In contrast, the performance of 18F-CBT-ZEGFR:1907in vivo was not ideal: relatively high uptake in most normal tissues (such as brain, pancreas, spleen, intestine, blood, muscle, lung, and spleen), especially the remarkably high uptake in bone (13.0 ± 2.37 %ID/g), suggests in vivo release of 18F-fluoride (Table 1). In fact, bone uptake of 18F-CBT-ZEGFR:1907 was about 3-fold higher than that observed for Al18F-NOTA-ZEGFR:1907. Also, the in vitro stability and metabolite analysis studies, where only about 75%, 40%, and 24% of 18F-CBT-ZEGFR:1907 was intact after 2 h of serum incubation or in plasma and tumor in vivo at 1 h after injection, suggest that 18F-CBT-ZEGFR:1907 is not stable in vivo. The kidney and the liver showed the lowest uptake (8.12 ± 1.0 and 3.08 ± 0.15 %ID/g) at 3 h after injection. These results are in agreement with our previous data[17] indicating that polar metabolites clear more rapidly from blood.

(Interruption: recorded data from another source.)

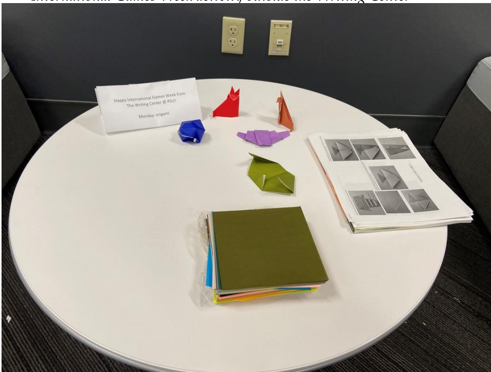
Figure 3 International Games Week activity outside the Writing Center

Many playful activities were portable. Therefore, some were moved to other areas by patrons, mainly to the seating area near Axe Grind.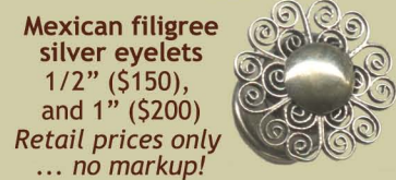
Mexican filigree silver eyelets 1/2" ($150), and 1" ($200) Retail prices only ... no markup!

Some of the hoops are more simple and do not have hanging attachments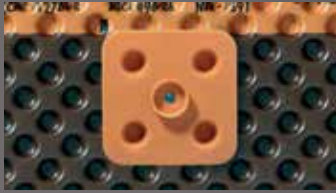
DELTA®-FAST'ner multistud fastener for secure attachment of DELTA®-MS.

Dörken makes your life easier – systematically.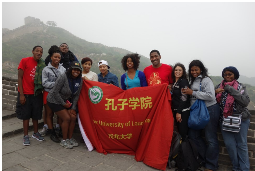
Xavier's Confucius Institute students, faculty and staff tour the Great Wall of China.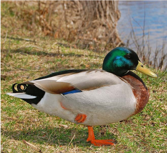
drake (male duck)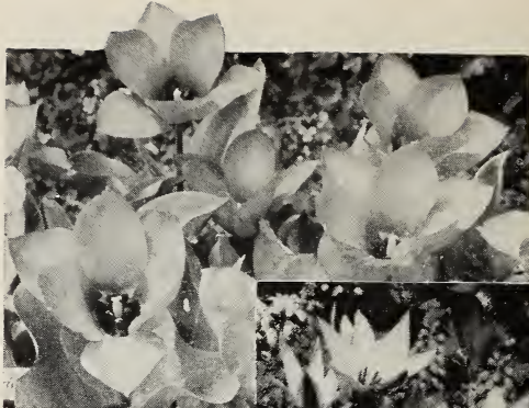
TULIP SPECIES RED EMPEROR

PRAESTANS FUSILIER. This species is quite interesting in that it produces brilliant orange flowers in clusters of about four per stem. Attractive, dark green foliage. Height about 8 inches. 3 for $1.10; 6 for $2.00; 12 for $3.65; 25 for $6.65; 100 for $23.70.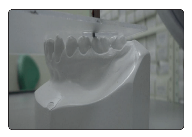
Fig. (3) Measurement of the curve of Spee on study model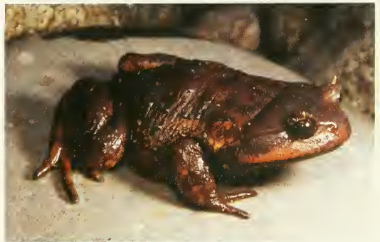
FIGURE 1. Brachytarsophrys feae , Northern Myanmar.

The males of Brachytarsophrys feae (Fig. 1) were found in evergreen montane forest at an elevation of 1,085 m. All individuals were found under rock overhangs which formed small caves in the middle of shallow slow flowing streams. In all instances, the opening to the cave faced downstream, and the substrate was gravel or cobble. Individuals were found in regions where the stream was densely covered by canopy. The stream width was about 1.5 meters, and the banks were heavily vegetated. Five males were heard calling at one locality near Ngar War Village, Hkakabo Razi National Park, Kachin State, Myanmar (27°50'03.5"N, 97°45'40.8"E). The call of one individual (SVL 116.2 mm) was recorded at 2145 hrs. during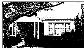
VERY SPECIAL THREE BEDROOM RANCH in BIRMINGHAM. Updated kitchen, central air, hardwood floors. Basement with glass block windows. Fenced yard and garage. A beautiful home on a tree-lined street. $159,900 (644-6300) 638052 CA 2603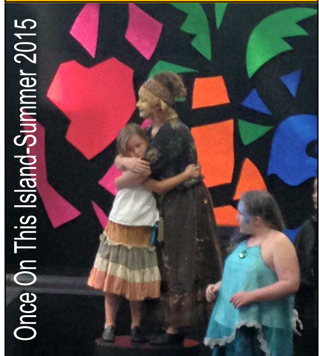
Once On This Island-Summer 2015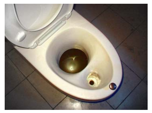
Urine-diverting porcelain toilet

training for enhanced understanding and knowledge is offered to management team members, operators, government officials and others from the local community and beyond. The apartment owner-residents also undergo training for awareness and understanding of the ecotown measures.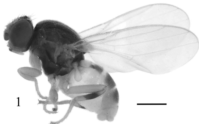
Fig. 1. Speccafrons digitiformis sp. nov. Male body, lateral view. Scale bar = 0.5 mm.

thick grayish microtomentum; first flagellomere as long as wide; arista brown except for basal segment yellowish brown, with short pubescence. Proboscis and palpus yellow with yellow setulae.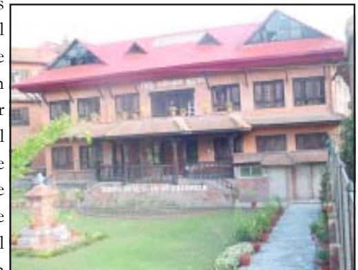
SIDDHI SHALIGRAM BRIDDHASHRAM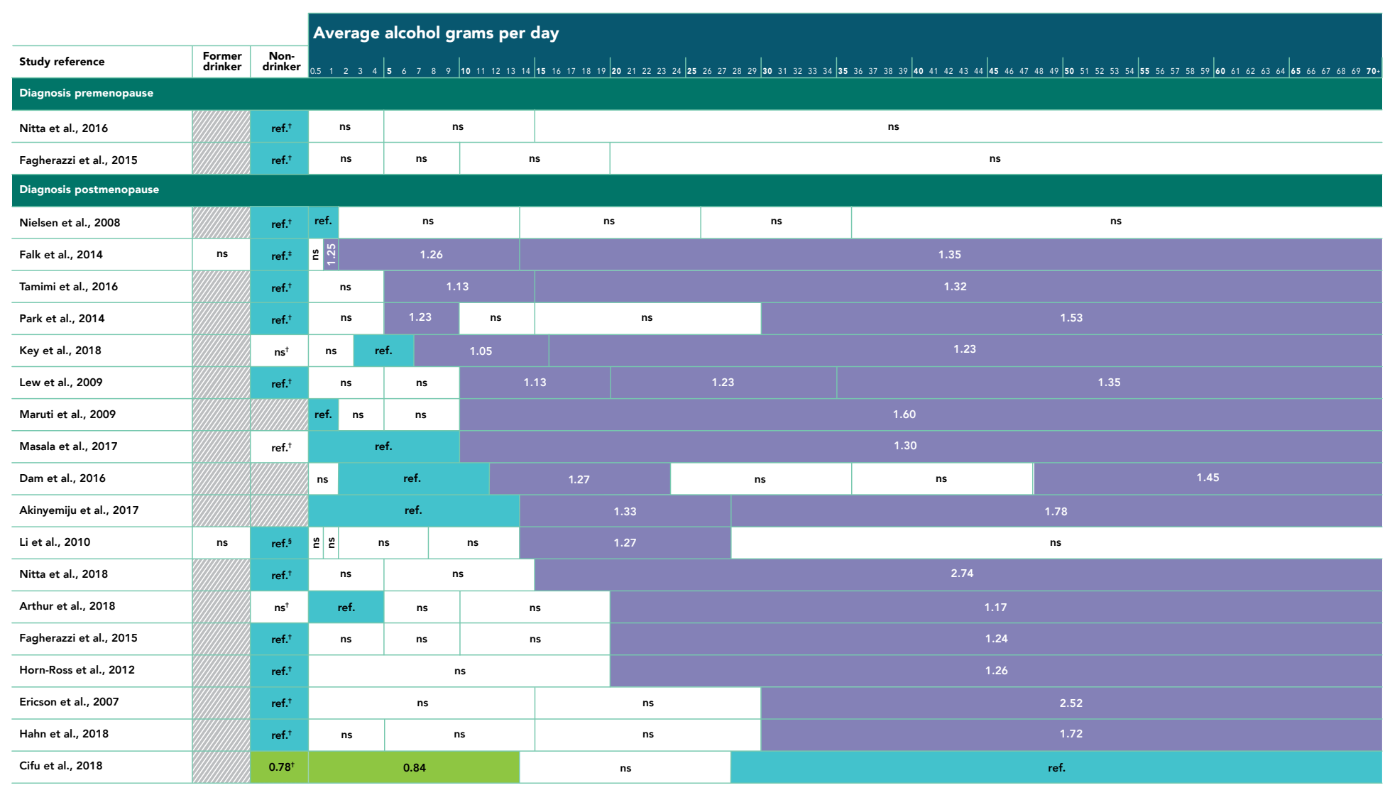
Table 4. Relative risk estimates for alcohol consumption associated with breast cancer based on menopause status for women from individual prospective cohort studies*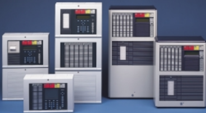
Fire detection system 8000: unlimited scope of system solutions

All information from both systems is transmitted to the WINMAG workstation in the porter's office. It is then structured and bundled by the user-friendly hazard management system, allowing all control panels to be controlled via a standard user interface. Even if the system is expanded by additional security systems, this function will remain.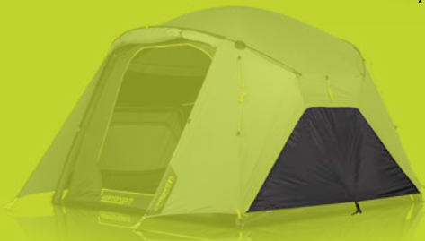
Aerospeed 4 Wall Set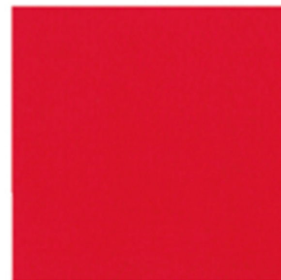
129 - rosso scarlatto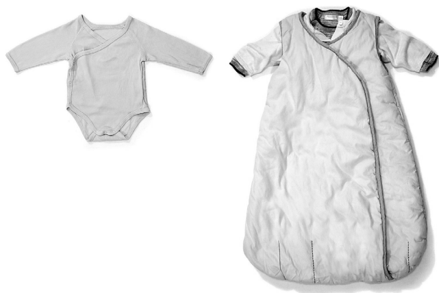
Figure 1 | Pictures of both types of clothing. Left-hand side: a baby bodysuit; right-hand side: pyjamas covered with a cardigan and a baby sleep-sack.

Following premature birth, NB experience a whole new set of sensory perceptions including strong constraints on their motor capacities limiting their movements and thereby the opportunity to self-explore 19 . Furthermore, the usual NICU environment subjects preterms to intense stimulations of their immature auditory and visual systems whereas their tactile and proprioceptive systems receive minimal input 20 . Contacts received by full-term NB through skin-to-skin (or kangaroo care) procedures have a soothing effect on a short-term basis with a decrease or an absence of cries compared to physical separation from their parents (mother: 21 ; father: 22 ). Positive long-term effects of skin-to-skin contacts given to preterm NB have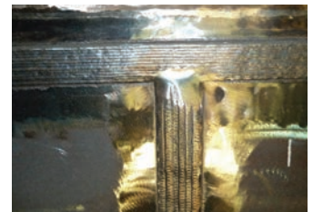
Seam crack repair and reinforcement band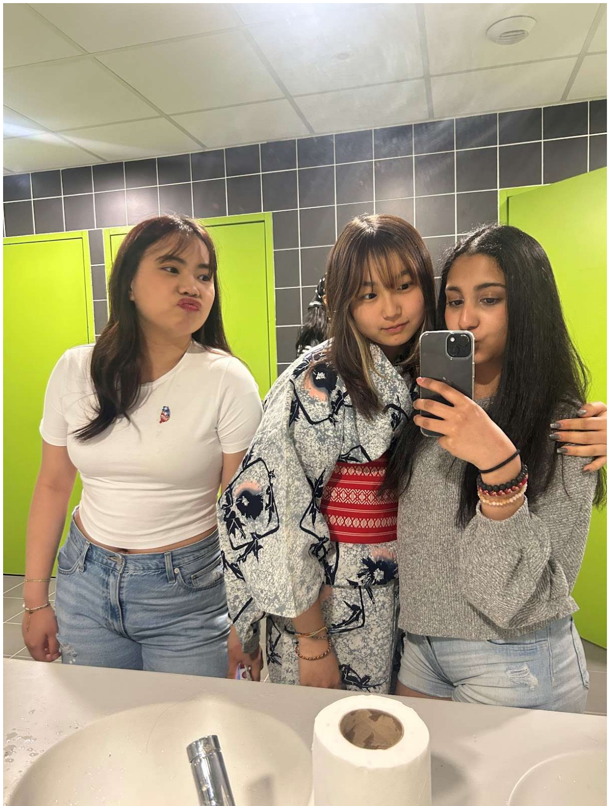
Me and my friends from Taiwan and Japan during our Soirée exotique! (A fun event where students cook a dish from their home country and perform a tradition or song from their culture)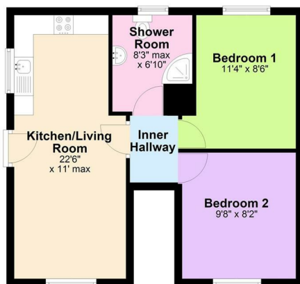
170a Banbridge Road, Kinallen, Dromore

Terms & Conditions: Please note that these particulars do not constitute an offer or contract of sale. Any prospective purchaser should satisfy themselves by thorough inspection of the property and we recommend that any prospective purchaser should employ the professional services of a building surveyor and consider their findings prior to entering into contract. All such fees associated with this work will be the responsibility of the prospective purchaser regardless of whether the sale completes or not. In addition, none of the appliances or installations have been tested in any way whatsoever and it is our recommendation that a purchaser should fully satisfy themselves by employing an appropriate expert. We would also like to advise that our measurements are taken from the widest points of each room and should not be relied upon as completely accurate. You should not make decisions based on the measurements provided and double check measurements at all times. Valuation/Mortgage Service: As part of our service we would remind Vendors and potential purchasers that we have a Mortgage Broker available at this branch. If you are thinking of selling, we would be happy to carry out a free market appraisal of your property.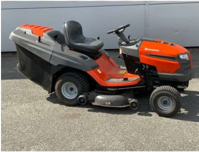
162. V - HUSQUAVARNA CTM 194 19HP RIDE ON MOWER WITH COLLECTION, HYDRO TRANSMISSION WITH KEY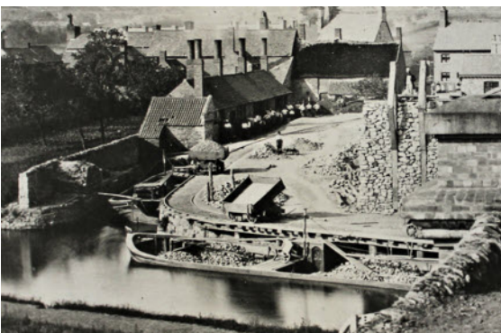
Loading by tipping trucks

To obviate this a vast V-shaped hopper was constructed, with iron shutters at the bottom. The hopper was filled with truck loads of stone and a barge moored under the shoot. It was then filled in just a few minutes by opening the iron doors.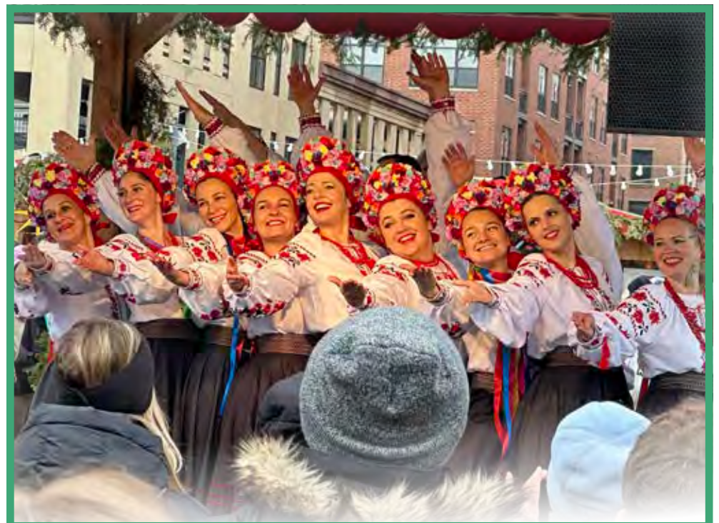
Ukrainian Dance group perform at European Christmas Market.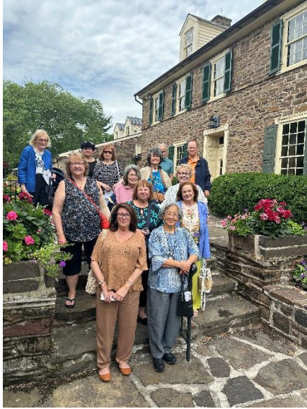
Pearl S. Buck House Tour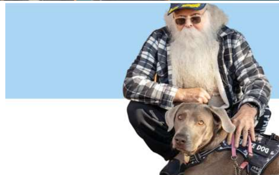
D-DAY ANNIVERSARY WORLD WAR TWO VETERANS RETURN TO NORMANDY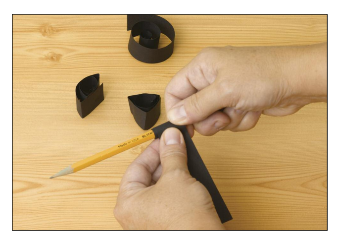
Step 2: Wrap strips of black paper around various quilling "tools". Experiment with shapes by pinching edges.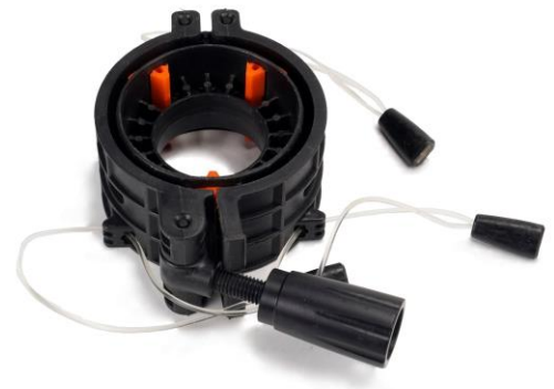
3. Secondary Collar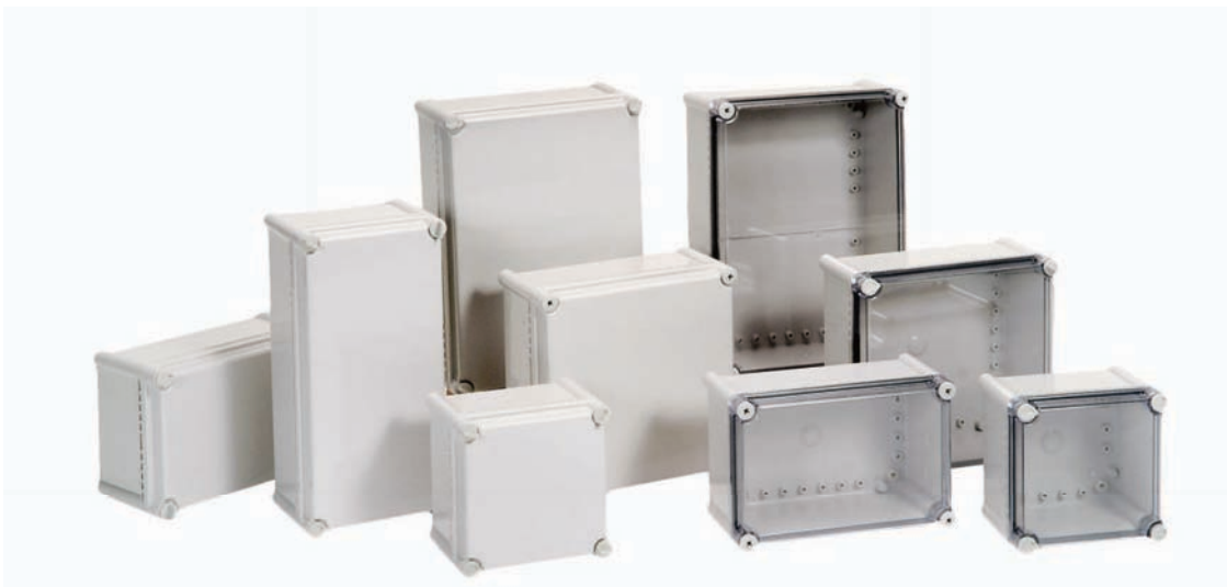
M Design / M 디자인 / M 设计 190x190x130 ~ 380x560x180mm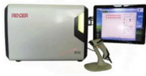
Automated Blood and Body fluid culture System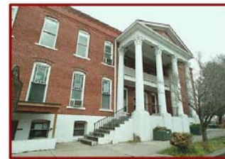
Gilmer County Court House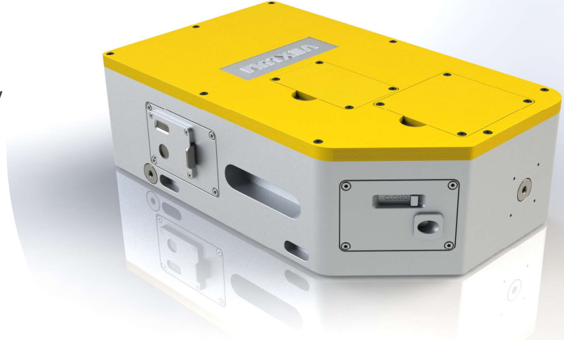
Vertical-external-cavity surface-emitting laser (VECSEL) a.k.a. Optically pumped semiconductor laser (OPSL)

NOTA has already been coupled to affibody molecules (ZHER2:2395 and ZHER2:S1) and the conjugates radiolabeled with 111In, 68Ga, and 18F for HER2 imaging.[17,21] Our data are generally consistent with the findings reported in these published studies. For example, it was reported that Al18F-NOTA-ZHER2:2395 displayed uptake of 4.4 ± 0.8 and 4.9 ± 0.7 %ID/g in SKOV3 tumors at 1 and 4 h after injection, respectively, whereas the corresponding levels in the kidneys were high (about 140 and 150 %ID/g, from Figure 3) and in the bone low (1 %ID/g, from Figure 3).[17] In the present study, the uptake of Al18F-NOTA-ZEGFR:1907 in A431 tumors at 3 h after injection were 4.77 ± 0.34 %ID/g, and the corresponding levels in kidney and bone were 112.27 ± 12.57 and 1.75 ± 0.35 %ID/g, respectively. Overall, Al18F-NOTA radiolabeled affibody molecules rapidly accumulated in tumors, with high uptake and good tumor-to-normal tissue ratios and low uptake in the bone indicating stable complexation in the form of Al18F by the NOTA chelator. However, they typically showed high uptake in the kidneys as well, probably because radiolabeled affibody molecules were excreted and reabsorbed by the kidneys. In order to minimize the reabsorption of affibody molecules by the kidneys, the pharmacokinetics could be further improved with strategies such as the use of positively charged amino acids, gelofusin, or albumin fragments.[22−24] Moreover, compared with 18F-FBEM-ZEGFR:1907,[12] Al18F-NOTA-ZEGFR:1907 had a lower tumor uptake (4.77 ± 0.36 vs 8.06 ± 1.44 %ID/g) at 3 h after injection, probably due to the effect of different 18F-radiolabeling group. In our previous study,[16] we had also successfully developed 18F-CBT-RGD2 and 18F-CBT-RLuc. Both probes demonstrated high levels of tumor accumulation and favorable pharmacokinetic properties. However, in the present study, it has been found that 18F-CBT-ZEGFR:1907 was degraded in vivo. Therefore, great efforts will be focused on introducing appropriate molecular modifications, such as the use of more stable d-amino acids for l-amino acids, the use of pseudopeptide bonds,[25] modifying synthetic environment, etc.

Conclusions

Two strategies for 18F-labeling affibody molecules have been successfully developed with either NOTA or CBT coupling to affibody molecules that contain an N-terminal cysteine as two model platforms. These two methods can potentially be translated to other applications. High activities of the probes can be reliably obtained in a relatively short radiosynthesis time. Biodistribution and small-animal PET imaging studies demonstrated that Al18F-NOTA-ZEGFR:1907 is a promising PET probe for imaging EGFR expression in living mice. In contrast, 18F-CBT-ZEGFR:1907 may be easily degraded in vivo compared to Al18F-NOTA-ZEGFR:1907. Further research is needed to improve the stability of 18F-CBT-ZEGFR:1907in vivo and determine whether this probe can be used for patient EGFR PET imaging.